*** Opening Data provided ***
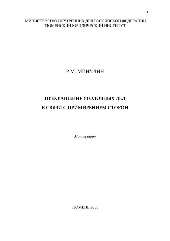 Прекращение уголовных дел в связи с примирением сторон: монография
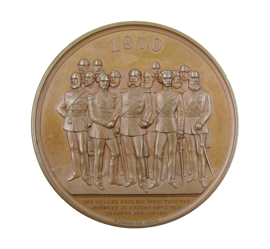 Obverse with Wilhelm I surrounded by German Princes and dated 1870, reverse with 1871 below crown, within wreath.
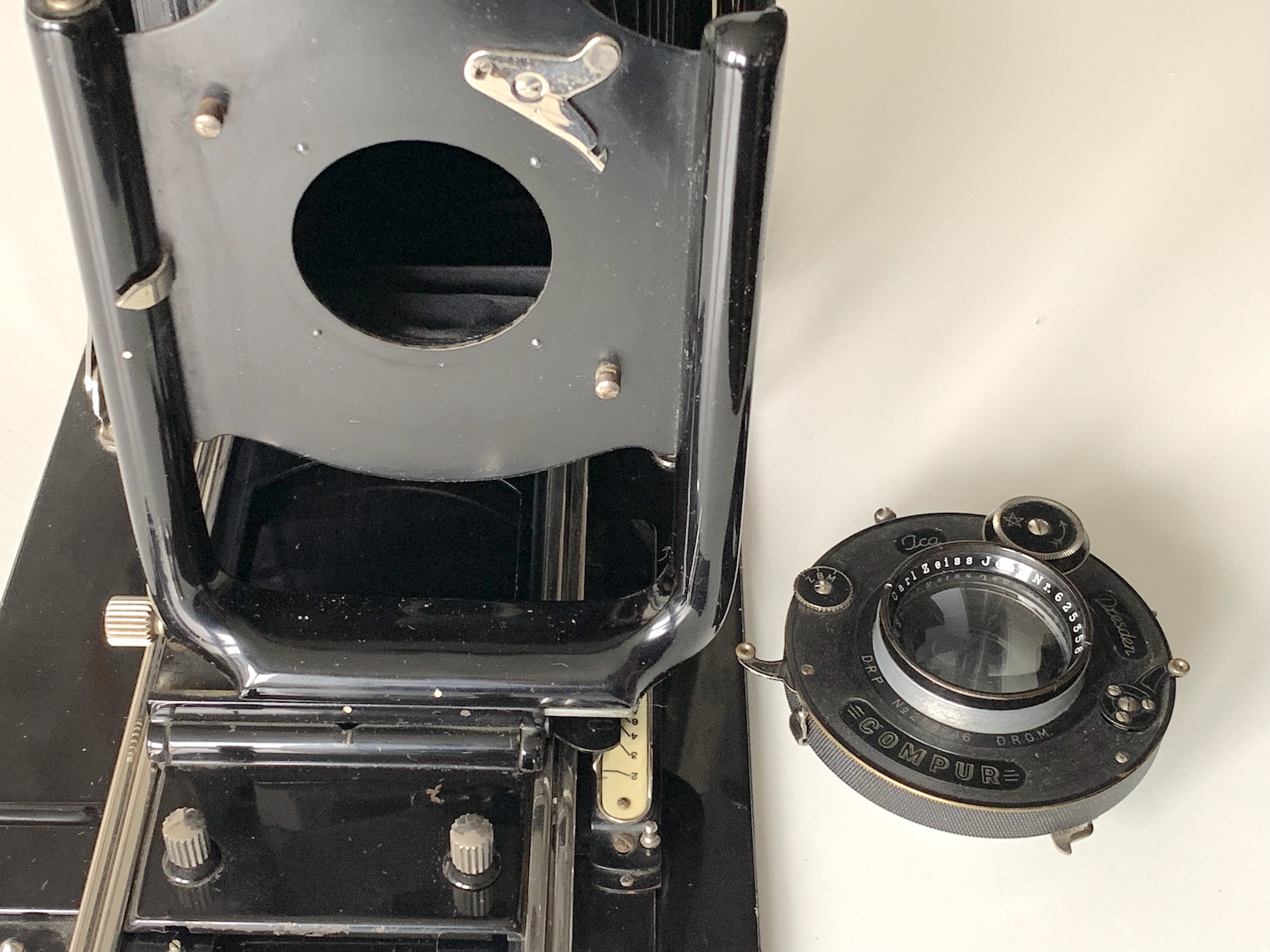 Das vorliegende Exemplar besitzt ein Tessar 6,3/21 in 2-Compur. Aufgrund der Seriennummern und des Buchstabencodes lässt sich die Kamera in das Jahr 1924 datieren.
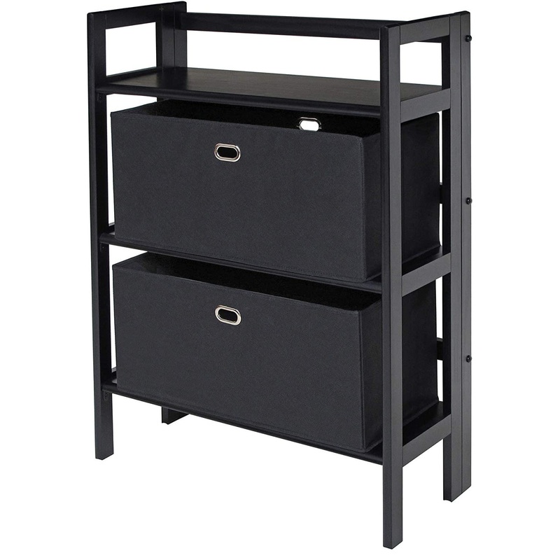 Combine extra storage space with the convenience of a folding shelf for a great organizational piece. Keep winter accessories handy in the front hall or use the unit to store toys, crafts, towels or sweaters. Two units can be stacked to provide additional vertical storage space. The 2-Tier Shelf is finished in Black and is made of Solid Wood for handsome and long-lasting durability. The foldable baskets are constructed of sturdy fiberboard with Black fabric. Carrying them is easy and secure with metal ring handles. This versatile shelf offers stylish organization for all your essentials.
*** Closing Data provided ***
Exactly as they stand, set down the lines from the start of the material through the line with "Das vorliegende Exemplar", both ends included, omitting the pictures.

 Прекращение уголовных дел в связи с примирением сторон: монография
 Obverse with Wilhelm I surrounded by German Princes and dated 1870, reverse with 1871 below crown, within wreath.
 Das vorliegende Exemplar besitzt ein Tessar 6,3/21 in 2-Compur. Aufgrund der Seriennummern und des Buchstabencodes lässt sich die Kamera in das Jahr 1924 datieren.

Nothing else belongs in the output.